На балконе, однако, появилась Марфа в полосатом махровом халате. Стало быть, услышала.

– Ты меня дозываешься, Мария? – голос ее грубый и хриплый, как у тех, кто долгие годы курит. Огромная грудь ее вздымалась, издавая изнутри хрип, но сигарету с длинным мундштуком из рук она не выпускала.

– Да, Марфа, я, моя милая соседушка, – притворно-ласково ответила Мария, как бы из жалости к грузной женщине, редко выходящей из дому. – Сын твой нужен, Иосиф.

– Говори громче, – выговаривающим тоном посоветовала Марфа, налегая на перила выпирающимся животом. – Просто беда с ушами, – она приложила к уху ложечкой сложенную ладонь. – Плохо слышу…

– Иосиф, говорю, нужен.

– Так на службе он. Или не знаешь? Днюет и ночует там! И еще на занятиях пропадает. Опять хочет поступать. Может, в этот раз осилит. Вот… – она затянулась, раскашлялась, покраснела аж.

Марии не понравился заносчивый тон соседки, и даже то, что она сказала – всё врет:

– Да лучше скажи, что стал снова ходить на подкурсы! Чего уж…
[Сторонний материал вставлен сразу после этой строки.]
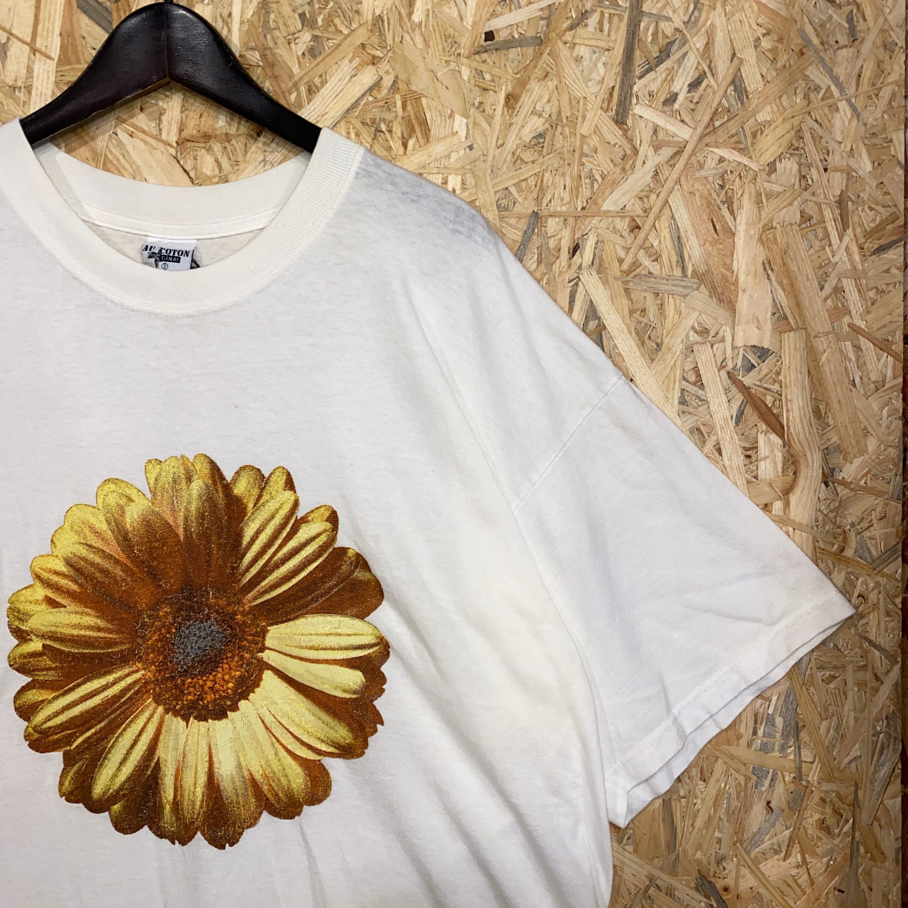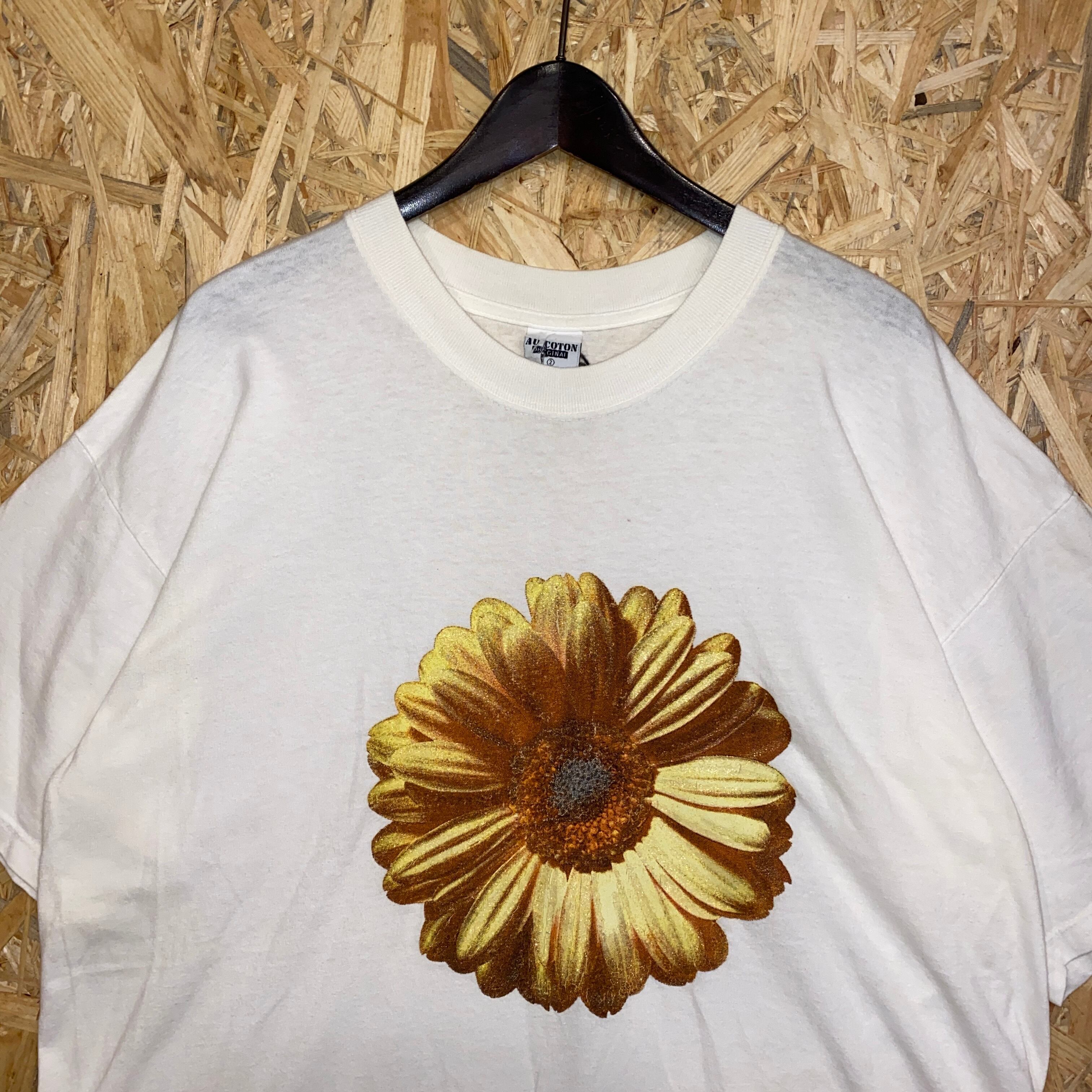 2517 90s〜00s 90年代〜00年代 カナダ製 ひまわり ガーベラ プリント Tシャツ 花柄 向日葵 白 ホワイト 古着 メンズ vintage

– А если так – нельзя? – Марфа перестала кашлять, но краснота с глаз ее не спала. – Может быть, запретишь моему сыну снова поступать?

– Почему? – хмыкнула Мария. – Даже хорошо, от чего же, – трясла она плечами в тихом отрывистом смехе. – Было бы желание – побольше ума набраться. Только, скажи, сколько можно мозолить глаза учителям? На юридический теперь, как на медицинский – все туда бросились! Конкурс – ни связи, ни деньги не помогут.

– Твержу своему сыну – дай! – протрубила сверху Марфа, сбрасывая вниз пепел. – И все пойдет, как по маслу. Отец его, царство ему небесное, оставил сколько надо. Упрямится. Сам, говорит. А сам – какой уже год мается.

– Незачем идти на юридический, попроще бы отыскал, по зубам! – налегла Мария на горло, перекрывая кудахтанье курицы, вырывающейся из ее рук. – Да какой из Ёськи юрист, бог ты мой? Или не видно? Или не понятно, не тянет твой сокол, как тебе еще объяснить?!

Марфа силилась не упустить ни слова соседки, но до ушей долетали обрывки, и она нервничала и злилась:

– Что же получается? Уж если твой сын учился в столице, обязаны все мы перед ним и тобой стоять на задних лапках? Никак все нынче помешались на столице. Потянуло всех туда магнитом. И здесь, слава богу, живем! Есть и у нас институты. Филиалы открыли.